Examples cited included:
- Giving in-the-moment formative feedback to a student on their writing, before they turn it in to the teacher;
- Differentiating learning experiences in response to student needs;
- Using cameras, computer vision, and sensors to collect student-teacher interactions and identify patterns;
- Making learning data understandable and relevant to teachers and parents.
With new tools available, the assessment industry is also evolving. People are “challenging the notion of a traditional standardized test,” said Amit Sevak, CEO of the Educational Testing Service (ETS), known for creating and administering assessments like the TOEFL, GRE, and Praxis. ETS is expanding its business to focus on personalized rather than standardized assessments, those measuring performance rather than knowledge, and those that evaluate 21st-century skills. Their work includes expanding both the technology and methodology of assessment. “We’re really moving to a new era … we’ve been going through a massive transformation,” he reflected.
Education research remains key to designing effective edtech.
It’s widely understood that edtech needs to be evidence-based, but new tools are being developed faster than traditional peer-reviewed research.
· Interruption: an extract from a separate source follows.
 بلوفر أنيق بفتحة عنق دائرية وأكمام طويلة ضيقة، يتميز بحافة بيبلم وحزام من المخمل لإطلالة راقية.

Researchers, technologists, and funders ideated on how to ensure the latest insights are informing the latest solutions.
Some ideas that emerged:
- Increase funding, decrease the cost, and build infrastructure for edtech research and development, so that it can better keep up with the pace of technological developments while remaining rigorous;
- Understand the incentive structures of private edtech companies to show how it is advantageous to use research, starting in small ways;
- Understand the science behind the process of learning and cognitive development, and use it to inform the crafting of edtech tools;
- Build partnerships involving teachers and schools directly in the development of tools that will work for them.
Technology can expand how and when learning happens, and what is taught.
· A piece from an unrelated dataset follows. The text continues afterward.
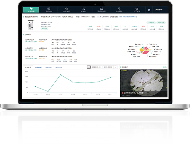 云平臺或APP上實時查看設備分布點位、工作狀態(tài)、電池電量等,進行功能設置等設備管理操作;可視化顯示害蟲圖片、種類數(shù)量、變化趨勢,智能分析蟲情報告,基于農業(yè)知識圖譜推薦蟲害防治方法。
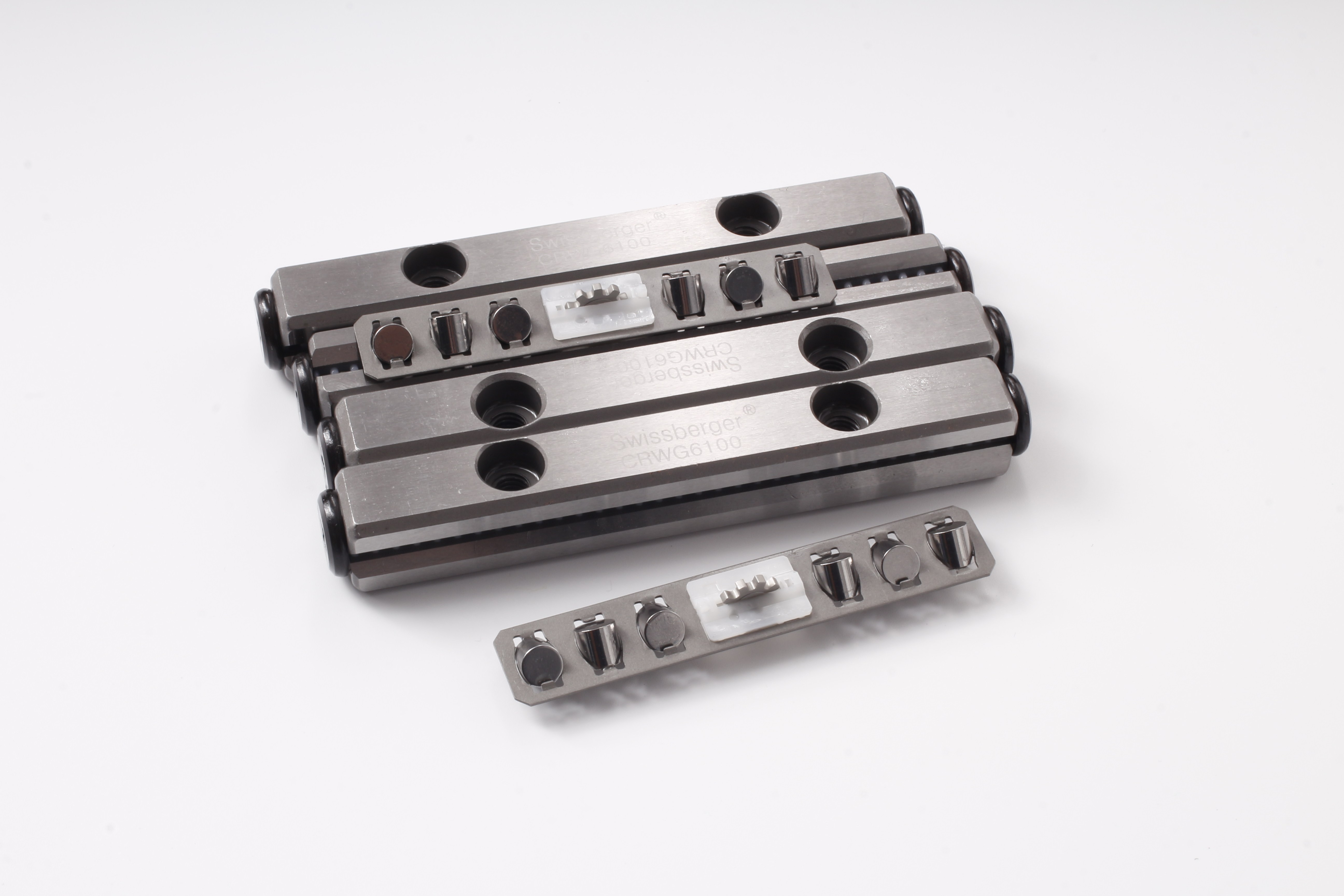 交叉导轨的重要部件在于其V型沟槽与交叉排列的圆柱滚子。它的导轨上均加工有经过精密研磨的90°V形滚道。而其中的滚子,以相邻两个呈90°角的方式交叉排列在滚道中。这种设计的精妙之处在于:

In a closing fireside chat, Stanford University President Jon Levin, ’94, and YouTube CEO Neal Mohan, ’96, MBA ’05, reflected on how technology has expanded learning beyond formal, K-16 classroom settings. YouTube has evolved from an entertainment platform to one that contains a vast amount of open-access educational content, demonstrating how learning has become lifelong and broadly accessible across the globe. In response to these trends, YouTube has built features like “YouTube Courses,” which allow educators to organize their teaching material on the platform, and “Player for Education,” which enables teachers to show ad-free videos in the classroom as a teaching aid.
“One thing that’s so interesting about having a platform like YouTube, which is basically a way to … deconstruct education into the individual lessons and contents, is it sort of forces you to think about, what are the essential components of education?” said Levin.
Both Levin and Nico Kornell-Quintero, a seventh grader who spoke in the opening session, identified the need to determine the most important skills learners need to develop, and figure out the best ways to help them get there.
“I think AI will change more what we learn rather than how we learn,” said Kornell-Quintero. “The importance of writing a five-paragraph essay, memorizing history facts, or keeping a science journal is lessening, because AI can do all of these things. Instead, we should focus more on how to think, how to critically reason and make decisions.”